In a way that's what my pigeon sounds like - chortling. I couldn't think of a better name for its sound. It just started doing it lately. I recorded the sound but my recorder puts it in MP4 form and I don't think anyone here would be able to listen to it unless it's in MP3 form. I've got to figure out a way to change it over to MP3.


----------



## beatlemike (Nov 28, 2009)

Hi Gary, I don't know if you remember me or not from the old board but I'm glad you are enjoying your new pigeon. Happy Christmas!


----------



## Garye2 (Mar 30, 2019)

Hey Mike!
Yeah it's me. This little pigeon I found as a squeaker was injured. She's been with me for a while and is doing fine. But she's making a strange purring sound that I've never heard a pigeon make. Nothing serious, just something different. Kinda cute.

As we Yanks say, Merry Christmas to you!


----------



## rudyard (Aug 9, 2016)

They make a ton of noises, the most subtle being their neck feathers when they are stalking something or looking quickly about.

Mine bark when they see a hawk, raven, or cat though the window. Or even if they think they do 

I love it when they purr.


----------



## Garye2 (Mar 30, 2019)

I can always tell when there's a mouse around. My pigeon will grunt and sure enough there is a "SNAP" hours later as a mouse is caught in a mouse trap.

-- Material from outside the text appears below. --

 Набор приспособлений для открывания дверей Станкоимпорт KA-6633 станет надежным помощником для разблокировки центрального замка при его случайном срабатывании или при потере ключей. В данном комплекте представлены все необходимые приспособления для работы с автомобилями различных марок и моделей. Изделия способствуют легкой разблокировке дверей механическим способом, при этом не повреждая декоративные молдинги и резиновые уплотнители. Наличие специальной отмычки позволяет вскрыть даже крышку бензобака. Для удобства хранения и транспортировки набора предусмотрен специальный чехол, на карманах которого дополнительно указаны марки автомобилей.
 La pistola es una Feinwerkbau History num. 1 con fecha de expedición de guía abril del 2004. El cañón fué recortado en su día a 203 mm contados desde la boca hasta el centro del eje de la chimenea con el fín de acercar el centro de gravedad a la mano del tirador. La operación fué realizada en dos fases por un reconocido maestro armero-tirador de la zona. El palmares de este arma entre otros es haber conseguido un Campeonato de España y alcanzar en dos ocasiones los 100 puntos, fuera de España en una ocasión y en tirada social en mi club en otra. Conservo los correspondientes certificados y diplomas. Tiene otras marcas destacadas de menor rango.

When she's content, she'll flick her tail feathers which I love when she does it because I know she's happy. One time she was given a warm bath and she must've just loved it because all of a sudden she broke out in cooing while soaking.


----------



## LiddyARA (Jul 10, 2012)

DoveSearcher said:


> Daph barked for the first time yesterday...right after he ate from a fresh spray of millet. Freaked me out. Thought he was choking but I don’t think so. Hes getting quite the vocab.

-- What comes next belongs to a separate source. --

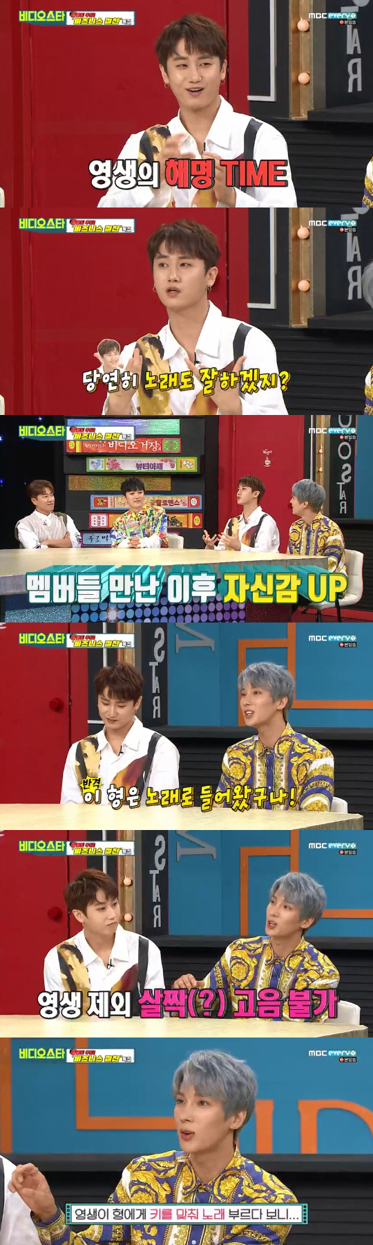 이에 허영생은 "그룹이 결성되어 있었던 거니까 당연히 노래도 잘할 거라고 생각했다"며 "나도 노래 잘한다는 생각을 한 적이 없었는데 진짜 자신감이 붙고 노래 연습을 열심히 했다"고 밝혀 웃음을 자아냈다.

One of my males has been doing this recently and I also thought he was choking. When he kept doing it day after day I thought he was getting sick or something so I googled it. So glad he's ok, he's only about 2 years old.


----------



## tiffy316 (May 21, 2016)

Yeah, they make all kind of cool noises. Cheepy makes an oooooh sound when he calls me. He also grunts when he's happy, and has some variations in his coos that all mean different things. Also, after Spice died last year, Pidgey started moaning when I hold him and preening if he sees me brushing my hair near the cage. He was alone for 5 months and got really attached to me during that time, which is normal. He's got a little neighbor now, so he's happy. She's about a year and a half old now, and she likes to make this little chirping sound like, doot, at random intervals. At first, I thought she was doing it bc her voice was still changing, she was only 6 weeks old when I got her so all she could do was cheep at me, but she kept doing it, so I guess it's just a noise that she likes to mate. None of my other doves had made that noise before, so I thought it was a bit odd at first. Now I just think it's adorable.


----------